Error Handling and Rate Limits
Production AI applications need robust error handling. The most common issues are rate limit errors (429), context length exceeded (400), and server errors (500). All require different responses.
Rate limits (429): Implement exponential backoff. Wait 1 second, retry. If it fails again, wait 2 seconds. Then 4. Then 8. Cap at some maximum. Most rate limit issues resolve within 30 seconds.
Context too long (400): Your input exceeds the model's context window. Truncate or summarize the input before retrying. Use tiktoken (OpenAI's library) to count tokens before sending.

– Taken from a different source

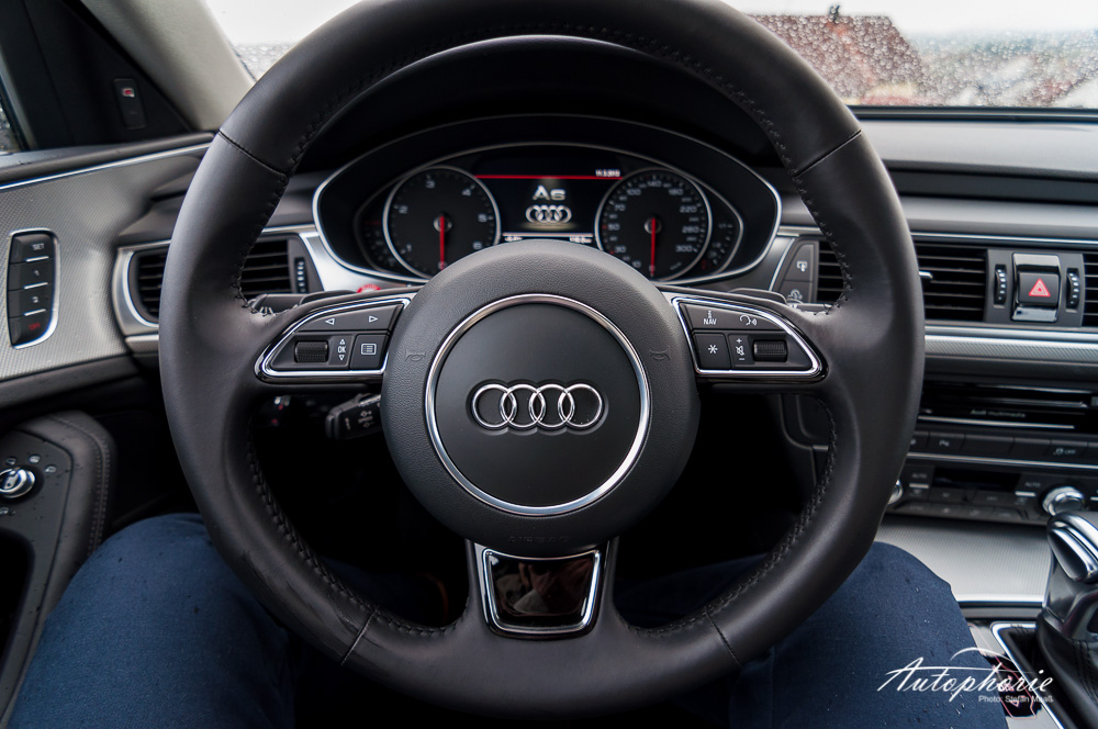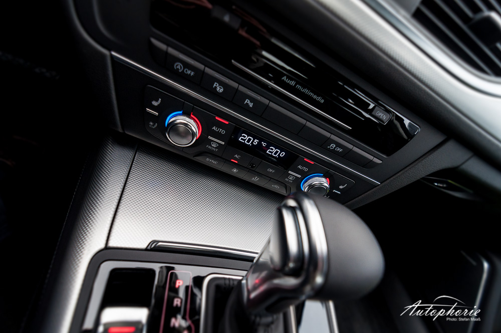 Ihr habt es euch also gemütlich gemacht in dem fahrenden Wohnzimmer, super, dann wird’s nun zur Abwechslung richtig ungemütlich, zumindest für die Beifahrerfraktion. Der Drehschalter passt den Charakter des Multitalents an, ein Dreh nach rechts und schon ist der „dynamic“-Modus ausgewählt – die adaptiven Dämpfer werden straffer, das Fahrwerk bringt die Karosserie näher an den Erdboden. Die Kontrolle überlassen wir der 8-Gang-tiptronic, die ohnehin schneller schaltet, als es über die Paddles hinter dem Lenkrad möglich wäre. Fast aus dem Stand stehen dank dem Selbstzünder schon brachiale 650 Nm Drehmoment an, die nur darauf warten vom Mittendifferenzial auf Vorder- und Hinterachse aufgeteilt zu werden. Jetzt wird garantiert nicht im Matsch gespielt, nein, der quattro soll zeigen wie man in den engen, gewundenen Kurven der Landstraßen und rasant über schlecht ausgebaute Waldwege, die seit dem letzten Winter als unbefahrbar gelten noch ein Maximum an Traktion und damit Spurtreue herausholt – natürlich auch in Grenzsituationen. Die Mechanik nimmt alles kommentarlos hin und auch die Elektronik regelt blitzschnell. Über den fulminanten Klang der doppelflutigen Auspuffanlage werden die kaum spürbaren Schaltimpulse akustisch bestätigt.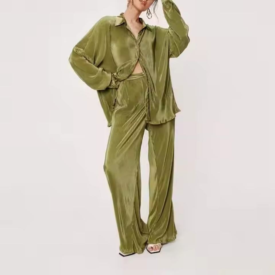 ชุดผ้าลินินฤดูใบไม้ร่วงราคาถูกสุดฮิต เสื้อหลวมสบายๆ สไตล์ลำลองสำหรับผู้หญิง กางเกงเอวสูง ชุดเซ็ตสองชิ้น OOTD

Server errors (500): Retry once after 5 seconds. If it fails again, fail gracefully and queue for retry later. Do not hammer a server that is having issues.
Always Set a Timeout
Set an explicit timeout on every API call. Without a timeout, a slow or hung request can block your application indefinitely. 30 seconds is reasonable for most requests. For streaming, set a longer timeout or use a token-streaming approach with per-token timeouts.
Cost Optimization
AI API costs can grow fast at scale. Here are the highest-impact optimizations:
- Use smaller models where quality is sufficient: GPT-4o-mini costs 17x less than GPT-4o. For classification, summarization, and simple extraction tasks, the smaller model is usually good enough.
- Cache identical prompts: If you are sending the same system prompt thousands of times, enable prompt caching. This can cut costs by 40-60% on cached tokens.
- Trim your system prompt: Every token costs money. Audit your system prompt - every redundant sentence is wasted spend across millions of calls.
- Batch non-urgent requests: OpenAI's Batch API costs 50% less than real-time calls. For overnight processing jobs, use it.
- Log and monitor spend: Set up alerts when daily spend exceeds a threshold. A bug that loops API calls can rack up hundreds in minutes.
Caching impact: Caching identical prompts can cut API costs by 40-60%. If your system prompt is 2,000 tokens and you send 10,000 requests per day, caching saves you 20 million input tokens daily.
Source: Anthropic prompt caching documentation, 2025
Production Best Practices
- Never call AI APIs from the client - Always proxy through your backend. This protects your API key and lets you add rate limiting, logging, and validation.
- Log inputs and outputs - Store prompt/completion pairs for debugging and cost analysis. Do not log sensitive user data, but do log enough to reproduce issues.
- Validate outputs - If you expect JSON, validate it. If you expect a specific format, check it. LLMs occasionally produce malformed output even with explicit instructions.
- Add fallback behavior - What happens if the API is down or times out? Show a helpful error message and offer alternatives. Never let an AI API failure bring down core functionality.
- Implement per-user rate limiting - Prevent any single user from generating excessive API costs. Even if the API is per-token, a user in a loop can spike your bill.